Site monitoring at Mount Stromlo

The performance of large ground based optical telescopes greatly suffers from the turbulent atmosphere. However, the problems can be mitigated by using techniques such as adaptive optics. To optimally build and operate adaptive optics systems, as well as understand if they are working as designed, we need to understand the typical atmospheric conditions on the site where the telescope is built. Therefore, Advanced Instrumentation and Technology Centre is conducting a site characterization campaign at Mount Stromlo. 

Objectives

The aim of the project is to produce statistics of how atmosphere behaves above Mount Stromlo. We are interested in the strength of the turbulence, as well its evolution speed and altitude profile. This will help to design the systems that compensate the impacts of the turbulence.

Activities

We have designed a unique modification of an instrument typically used to characterise atmospheric turbulence: SCintillation Detection And Ranging (SCIDAR), which measures light from suitable sets of two stars. The instrument is installed on EOS 1.8 m telescope and operated intermittently during the campaign. In addition, we have started to prototype a SLODAR system that is similar to SCIDAR in many respect, but in principle is better suited to analyse a strong turbulence that is often encountered if the weather is not ideal.

Outcomes

Prototype instruments need to be assembled in laboratory. Commissioned instruments provides a large amount of raw data that needs to be calibrated and analysed.

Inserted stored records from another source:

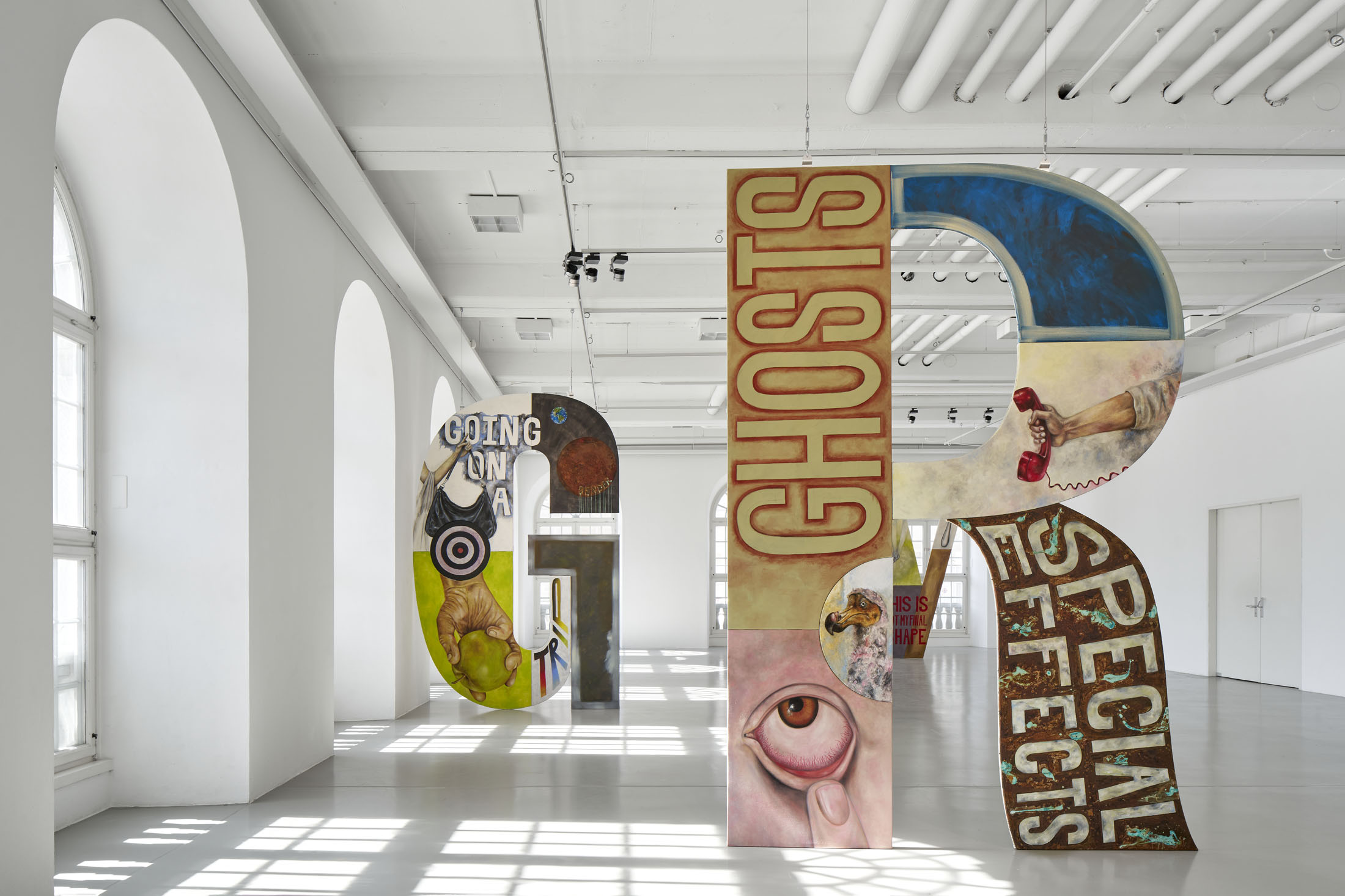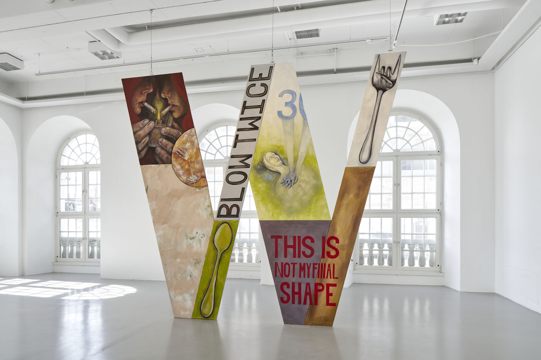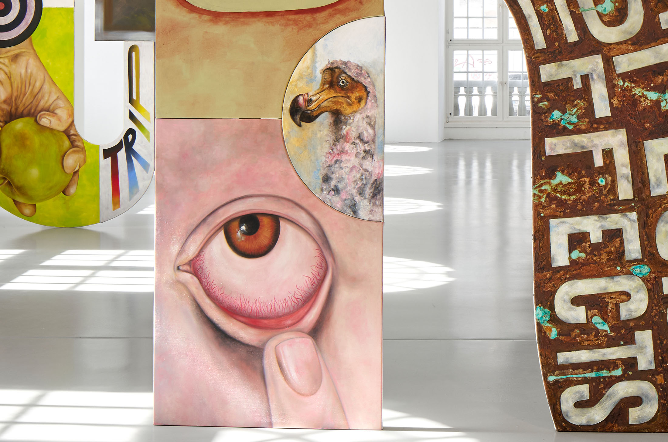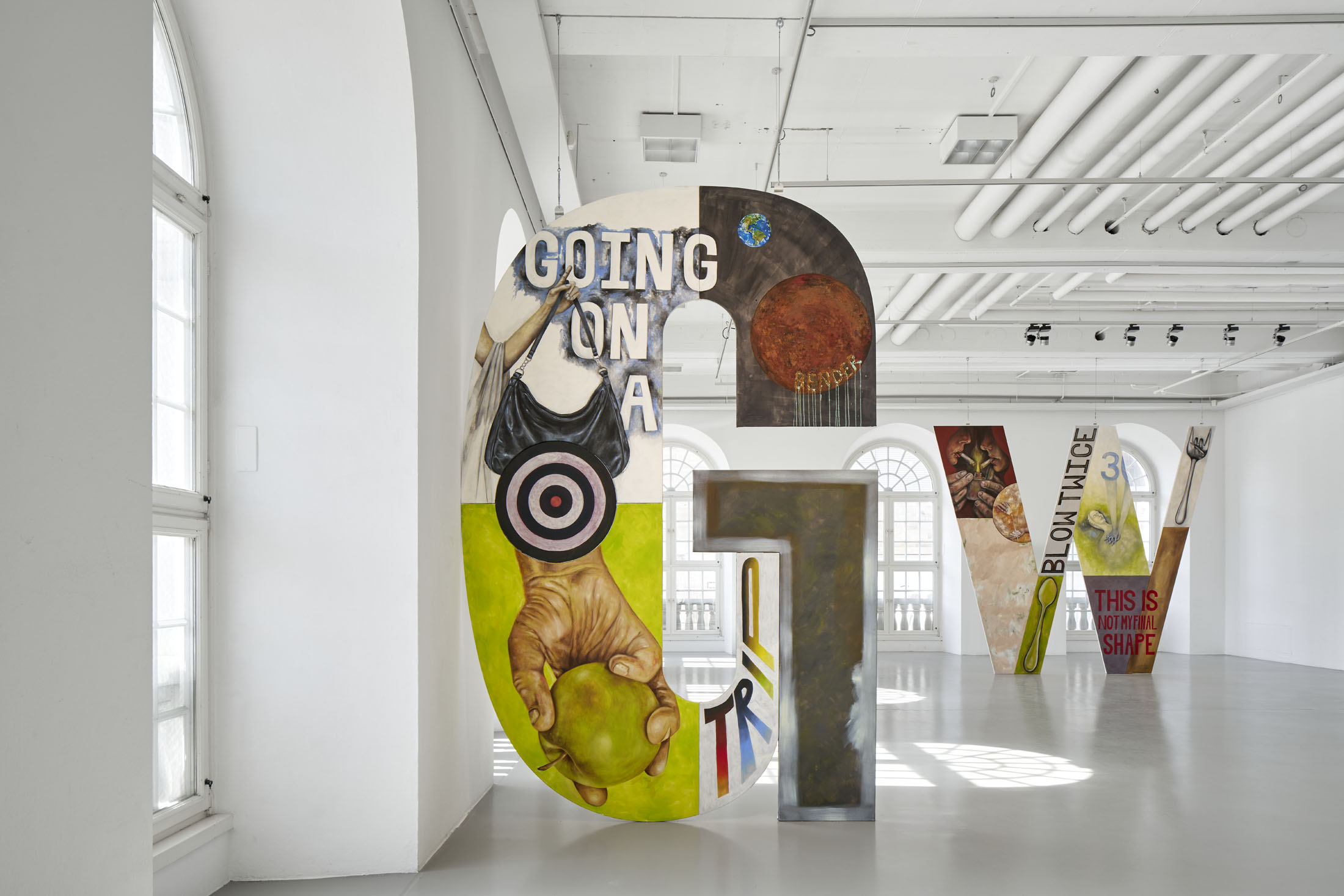 In the Kasseler Kunstverein, Tanja Nis-Hansen presents these four letters suspended in mid-air as paintings, or rather amalgamations of numerous paintings that come together like a puzzle to form their larger whole. Thirty in total, they feature an array of subject matter of images and words that, in their particular constellations, open up readings that extend beyond the individual works.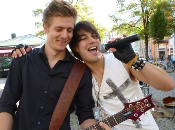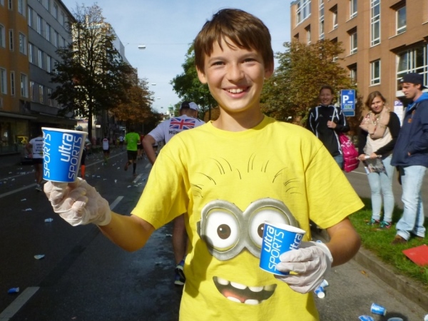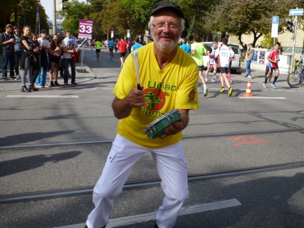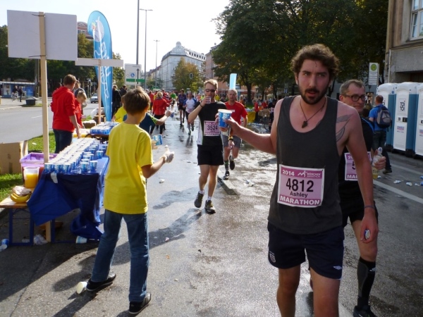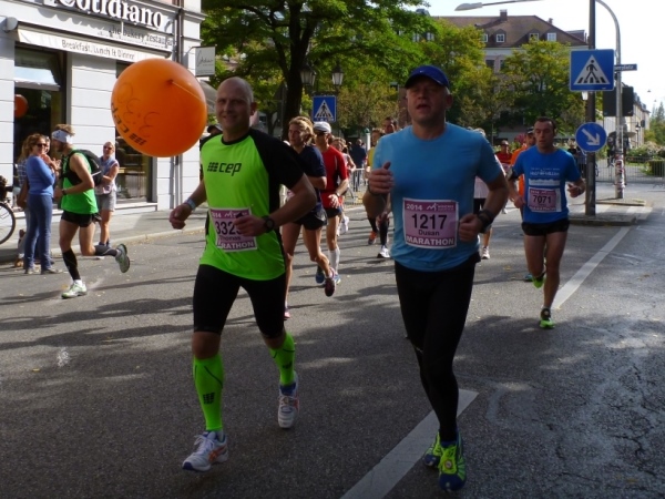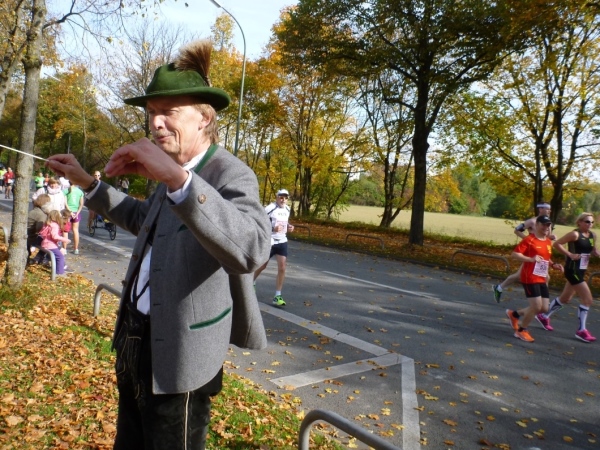 Den beginne ich am Siegestor, wo sich nun eine Sambaband postiert hat. Der Chef springt mir ein paar Meter nach und fotografiert. „The Beer is near“, ruft auf der Franz-Joseph-Straße Pete mir nach. A Seidla, a Halbe oder a Mass, unser Durscht ist gewaltig und lang dauert's nimmer. Ob es ein Erdinger, ein Franziskaner oder ein Hofbräu sein wird, ist egal. Die letzte Degustation bei Kilometer 40 lasse ich liegen, denn Wasser brauche ich jetzt nicht mehr. Stefan geht ein paar Meter mit mir mit, lässt aber dann abreißen, denn in Frankfurt soll sein Angriff auf die pB erfolgen.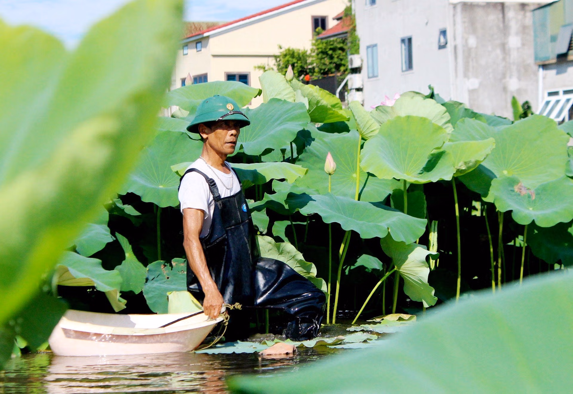 Nông dân Hà Tĩnh dầm mình dưới bùn thu hoạch ngó sen Thứ Năm 06/06/2024 15:08 (GMT+7) Những ngày này, ruộng sen của người dân Hà Tĩnh đang vào vụ thu hoạch ngó sen. Bên cạnh thu hoạch ngó, ruộng sen của những nông dân còn cho thu hoạch hoa, lá, củ... mang lại thu nhập cao. Đầu năm 2023, nhận thấy vùng đất trũng tại địa phương phủ đầy bèo tây, hàng chục năm không thể canh tác, ông Nguyễn Duy Đại (trú thôn Đoài Thịnh, xã Thạch Trung, thành phố Hà Tĩnh) đã mạnh dạn thuê lại đất của nhiều hộ dân để áp dụng mô hình trồng sen. Ảnh: Cẩm KỳĐể việc canh tác sen thuận lợi, ông Đại đã tích cực học hỏi những kinh nghiệm từ những người đi trước. Sen là loại cây rất dễ trồng, sức sinh trưởng mạnh mẽ và thích nghi tốt với thổ nhưỡng địa phương. Ảnh: Cẩm KỳTrao đổi với Báo Đại Đoàn Kết, ông Nguyễn Duy Đại cho biết, đối với sen lấy ngó, quá trình trồng sen phải liên tục chú ý cải tạo đất ruộng cho tơi xốp, bón phân theo lượng định kỳ, các cây sen trồng cách nhau khoảng 3m. Ngoài ra, bề mặt ao phải giữ đủ lượng nước tiêu chuẩn, việc xử lý các lá sen hư hỏng, tạo độ thoáng cho ruộng phải làm thường xuyên. Ảnh: Cẩm KỳNgó sen là phần non nhất của cọng lá sen, nằm sát gốc của cây sen. Khi những lá sen non vừa mọc và nổi lên trên mặt nước, lá vẫn còn cuốn lại thành một vòng thì sẽ dùng tay nhổ ngó từ lớp bùn dưới gốc sen. Để lấy được ngó sen, người nông dân phải mò mẫm trong bùn, lần tay vuốt từng cọng ngó nằm sâu dưới bùn khoảng 20-30cm rồi kéo lên mặt nước. Ảnh: Cẩm KỳKhoảng chừng 10 phút, những thân ngó đã được ông Đại cẩn thận lấy lên dưới lớp bùn. Sau khi rửa sạch, ngó sen hiện ra với màu trắng muốt. Ảnh: Cẩm KỳNgó sen sau khi nhổ được rửa sạch, được ngắt thành từng đoạn dài 30-50cm và cột lại từng bó nhỏ trước khi giao cho khách hàng. Trung bình mỗi ngày, gia đình ông Đại thu hoạch từ 10 - 15kg, tùy vào lượng đặt hàng. Hiện, giá bán mỗi kg ngó sen dao động từ 60.000-65.000 đồng/kg. Ảnh: Cẩm KỳTheo Đông y, ngó sen có vị ngọt, tính ấm, có tác dụng thanh nhiệt, thải độc, lọc máu, làm sạch đường ruột, trị hôi miệng, nghẹt mũi, xuất huyết sau sinh… Thường xuyên dùng loại thực phẩm này sẽ giúp bổ máu, bảo vệ hệ tiêu hóa hiệu quả, rất tốt cho cơ thể. Ngó sen còn chế biến được nhiều món ăn ngon như: ngó sen xào, gỏi ngó sen, canh ngó sen... Ảnh: Cẩm KỳSau khi thu hoạch ngó, ông Đại chuyển sang thu hoạch gương sen. Ảnh: Cẩm KỳVào những dịp rằm hay mồng một, gia đình ông có thể tăng thêm thu nhập từ bán hoa sen. Ảnh: Cẩm Kỳ"Điều thích nhất khi trồng sen là bất cứ bộ phận nào cũng đưa lại thu nhập, thậm chí lá sen. Loại sen cao sản phù hợp cho hạt và ngó bởi loại này cây khỏe, có khả năng sinh trưởng mạnh, hạt sen to, ngó sen cũng lớn và dài. Ngoài ra tôi cũng trồng thêm sen chuyên củ để lấy củ. Nhờ ruộng sen mà gia đình có tiền trang trải các khoản chi phí sinh hoạt trong gia đình", ông Đại nói.Theo lãnh đạo UBND xã Thạch Trung, mô hình trồng sen lấy ngó của ông Nguyễn Duy Đại góp phần cải tạo những vùng đất trũng, không thể canh tác lâu năm để mang lại những sản phẩm cho hiệu quả kinh tế cao. Địa phương cũng đang tiến hành khảo sát thêm nhiều vị trí để nhân rộng mô hình trồng sen lấy ngó, từ đó, góp phần đảm bảo sinh kế cho người dân, tạo cảnh quan môi trường, đóng góp vào quá trình phát triển kinh tế - xã hội trên địa bàn. Ảnh: Cẩm Kỳ Cẩm Kỳ

This will give us useful insight for how well Mount Stromlo suits for future the adaptive optics instruments for space-situational awareness and free-space optical communication.

Relevant publications

  • Korkiakoski, Visa, et al. "Site characterisation at Mount Stromlo: the first results." AO4ELT, 2017.

  • Korkiakoski, Visa, et al. "Single detector stereo-SCIDAR for Mount Stromlo: data analysis." Proc. SPIE, 2016. 

  • Grosse, Doris, et al. "Single detector stereo-SCIDAR for Mount Stromlo." Proc. SPIE, 2016.